* Exercise prompt *
Repeat, word for word and with nothing added, each line from the one containing "Aya, mécontente d'avoir" to the final line of the data, keeping both ends. Pictures are not part of the copy.

Records from a dataset
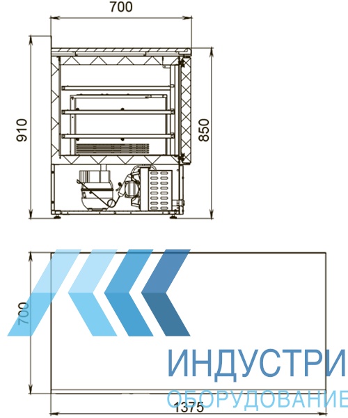 Толщина столешницы 40 мм, есть борт высотой 60 мм. Толщина стенкок корпуса 43 мм. Холодильный агрегат располагается снизу. Ножки регулируются по высоте.
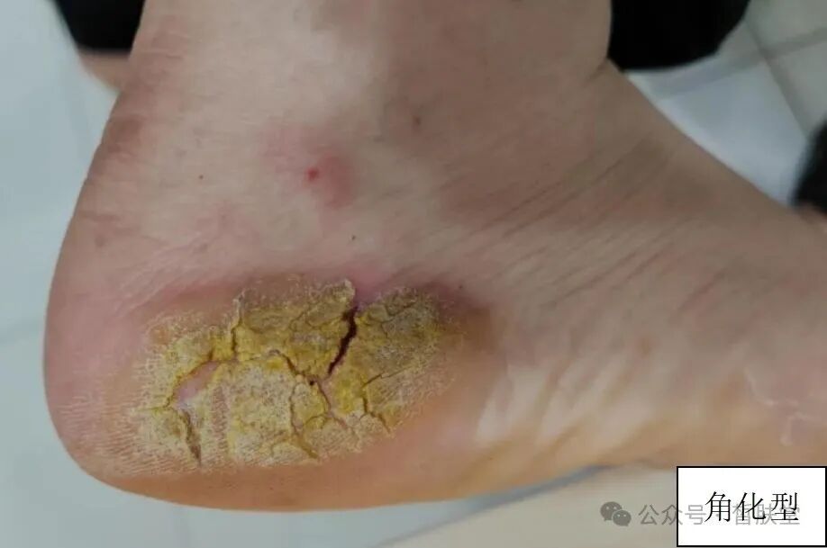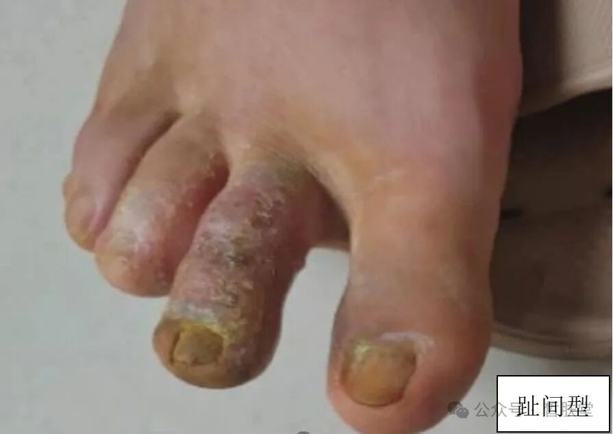 足癣根据临床特点分为:水疱型、趾间型、角化型。手癣根据临床特点分为:水疱型和鳞屑角化型。
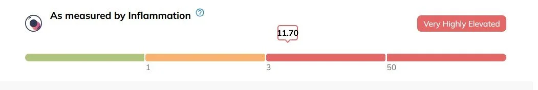 And my bad number — or is it? This blood test measures the C-reactive Protein level.  It was 11.7.  Levels above 10 may indicate minor inflammation or viral infections.  Above 50 would be really bad.  In seniors, arthritis, IBS, obesity, sedentary lifestyle, insomnia, depression, Stress, and minor injuries, could push it over the 10 which is acceptable.
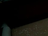 Aya, mécontente d'avoir été empêchée d'aller entre mes deux cages, me boude et me le fait comprendre en rejetant ma main de la petite maison sous laquelle elle est allée. Elle m'avait déjà fait le coup une fois où, pour ne pas qu'elle fasse de bêtise, je l'avais prise avec moi pour ouvrir à ma voisine qui avait sonné à la porte, ce qu'elle n'avait pas du tout apprécié, et me l'avait fait comprendre de la même manière ^^.
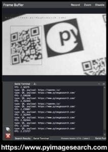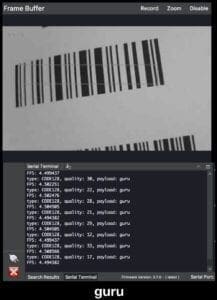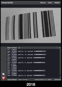 Before long, if you’re printing to the terminal, youāll see the data such as FPS or barcode information — thatās your queue that everything is working. You’ll also see a live view from the camera sensor in the top right viewfinder.
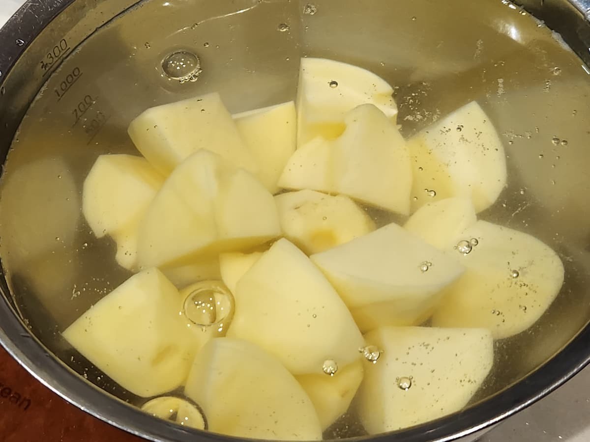②じゃがいもはレンチンするか下茹でして、箸がスッと刺さるやわらかさになるまで加熱する
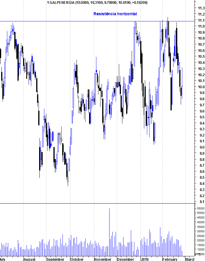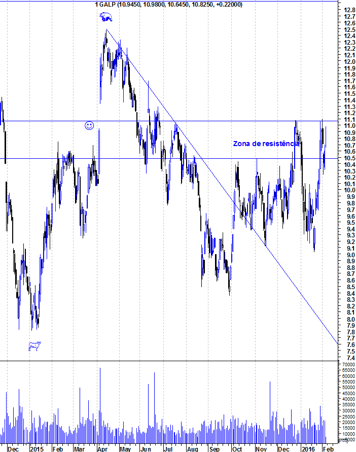 Desde o final de setembro do ano passado que a Galp tem estado numa tendência altista, formando um canal, isto depois da confirmação do rompimento da Ltd que vinha desde meados de maio 2015.

* Worked solution *
 Aya, mécontente d'avoir été empêchée d'aller entre mes deux cages, me boude et me le fait comprendre en rejetant ma main de la petite maison sous laquelle elle est allée. Elle m'avait déjà fait le coup une fois où, pour ne pas qu'elle fasse de bêtise, je l'avais prise avec moi pour ouvrir à ma voisine qui avait sonné à la porte, ce qu'elle n'avait pas du tout apprécié, et me l'avait fait comprendre de la même manière ^^.
 Before long, if you’re printing to the terminal, youāll see the data such as FPS or barcode information — thatās your queue that everything is working. You’ll also see a live view from the camera sensor in the top right viewfinder.
②じゃがいもはレンチンするか下茹でして、箸がスッと刺さるやわらかさになるまで加熱する
 Desde o final de setembro do ano passado que a Galp tem estado numa tendência altista, formando um canal, isto depois da confirmação do rompimento da Ltd que vinha desde meados de maio 2015.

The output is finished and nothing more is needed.